Un ejemplo tonto de sincronía, el título del blog “Estoy esperando la casualidad de mi vida, la más grande”, lo puso Brian, es de la película “Los Amantes del Círculo Polar” y es de mucho antes de que a mí empezaran a interesarme las casualidades que nos cambian la vida.

Os copio un texto sacado de un libro sobre Análisis Transaccional que estoy leyendo. El Análisis Transaccional es una teoría que tiene algunos conceptos que suenan a Psicoanálisis en grageas masticables. El concepto de Guión de vida es uno de ellos. Un Guión es algo que ecribimos en la infancia, influenciados por nuestras primeras experiencias (buenas o malas), viendo el mundo a través del pensamiento mágico, y que no para de decirnos qué somos, como debe seguir la película y como termina. Hay guiones para ser feliz, y guiones para ser infeliz. Si no somos conscientes de cuál es nuestro guión vemos el mundo sólo a través de lo que nos marca aunque eso haga que nos lastimemos o lastimemos a los demás. Nos dá seguridad, cuando lo escribimos era una estrategia de supervivencia, y irracionalmente creemos que la alternativa al guión es la no supervivencia. Si somos conscientes de cuál es el guión quizás podemos cambiarlo.

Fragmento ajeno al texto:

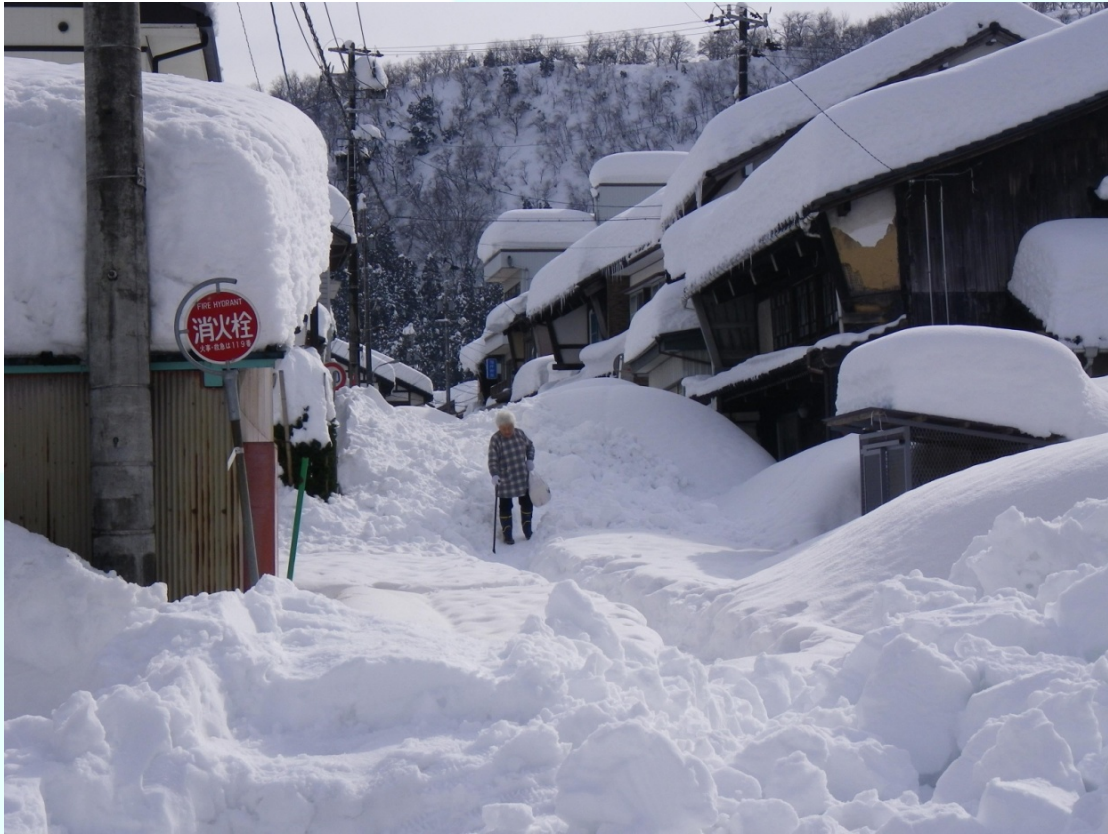
福井県 南越前町 今庄地区中心部 足元に気をつけながら歩く住民
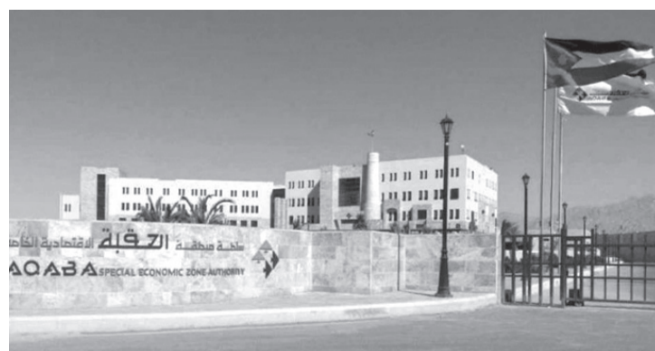
الأبناط - العقبة
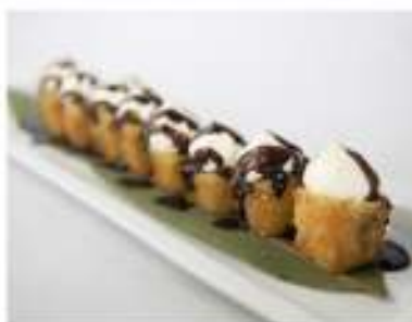
43/ Hosomaki special banana (8pz) €7,00 Roll di riso avvolti con pasta di riso farciti con banana e guarniti con cacao e philadelphia Allergeni: 11, 7
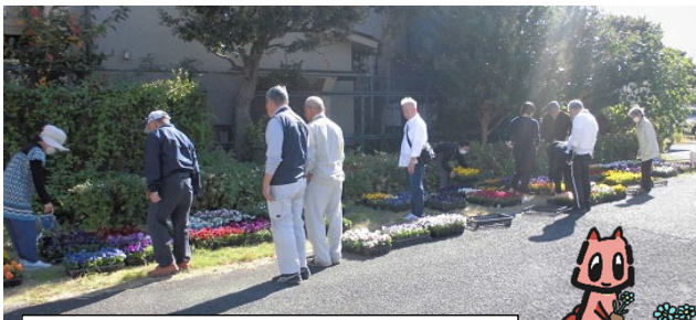
花苗を選んでいる愛護会の皆様

土木事務所からお届け日時とお届け先（公園、ご自宅、町内会館等）の確認のご連絡をします。（昨年は6日間で41件の愛護会に花苗をお届けしました）
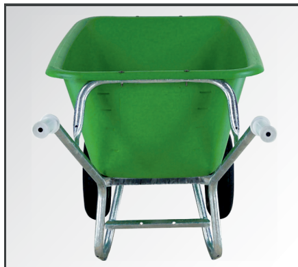
Schlagfeste, leichte aber dennoch stabile HDPE Kunststoff Mulde mit Inhaltsangabe. Komfortable und rutschfeste PP-Kunststoff Handgriffe.
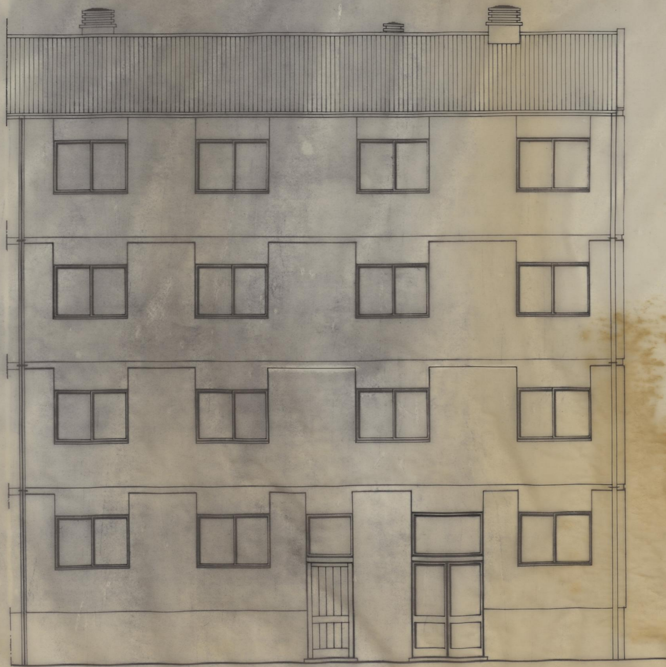
ALÇADOS TIPO (ANTERIOR) T3 / T3
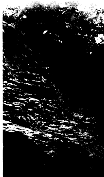
帰路は懸垂下降の連続となった(カモシカ沢)

大滝沢本流に落ち込むF1はフリクションをいっぱいきかせて登り、最後の方は右側のブッシュをぞいににげる。直登できないものかと上からザイルで確保してもらいな
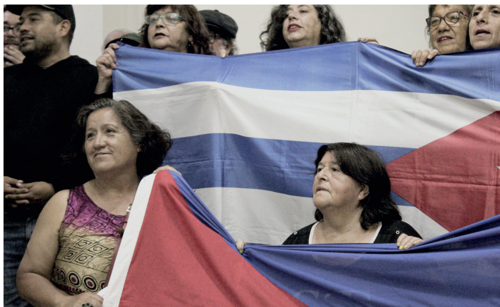
Cuba genera esas cosas, dentro y fuera de ella, que así, como un arranque, se le quiere mucho.

Antes de que alguien hable pondrán un documental de La Jornada, realizado bajo los fueros de este mismo febrero. Y el video empieza con la voz de una mujer de 22 años. No me es desconocida. «Obviamente no

El texto es muy llano y tiene cierta sorna, hay algunas cosas que me suenan ¿y a vosotros?

“El guión ofrece una solución mágica para resolver el asunto básico que no se solucionó en la infancia: cómo conseguir amor y aceptación incondicional. Como adultos nos cuesta abandonar esta magia, porque de niños a menudo nos identificábamos con un cuento de hadas y nuestra fantasía es la de que podemos lograr que en nuestra vida suceda lo mismo que en un cuento, de manera que nosotros también podemos acabar viviendo “un final feliz”

El único problema es que los cuentos de hadas perpetúan un engaño a los niños. Enseñan que si quieres que algo bueno te suceda, antes necesitas ser una víctima tan grande que te lo merezcas.

Por ejemplo, si quieres casarte con un príncipe tienes algunas opciones interesantes. Puedes trabajar duro, sufrir, sentarte en las cenizas y barrer y esperar a que tu hada madrina llegue y te envíe al baile. O puedes comerte una manzana envenenada, o pincharte el dedo con una aguja envenenada y esperar que algún hombre venga que tenga predilección por besar a mujeres muertas. O te puedes encerrar en una torre, dejar que te crezca el pelo y esperar a que alguien venga que tenga predilección por encontrar a mujeres internadas. O puedes ir por ahí besando sapos o intentando convertir bestias en príncipes.

Si quieres casarte con una princesa, las posibilidades son igual de buenas. Puedes ir por ahí besando mujeres muertas, o buscando mujeres encerradas. O puedes intentar buscar mujeres que escapen de tí o ir por ahí comportándote como una bestia o como un sapo. Si quieres acabar teniendo éxito y atractivo, lo primero que tienes que hacer es ser feo y que la gente se ría de tí.

La parte positiva que tienen los cuentos de hadas es el dar a los niños un sentido de poder y control sobre sus vidas en un momento que se sienten impotentes. El único problema es que la solución que se ofrece es mágica y no funciona en la realidad, pero al menos permite al niño sobrevivir en una situación que de otra manera pudiera parecer desesperante.

Después, en la vida adulta, el Niño en nosotros continúa aferrándose a esa creencia mágica y sigue intentando que funcione. Si aún no ha funcionado, tal vez no hayamos sufrido lo suficiente para merecer el rescate. Una parte de salirse del guión es la de renunciar a la creencia en un mundo perfecto. En cambio podemos emplazar a nuestro Adulto para solucionar problemas y descubrir la forma de conseguir cubrir nuestras necesidades en un mundo que nunca será perfecto, pero que puede ser hermoso y agradable.”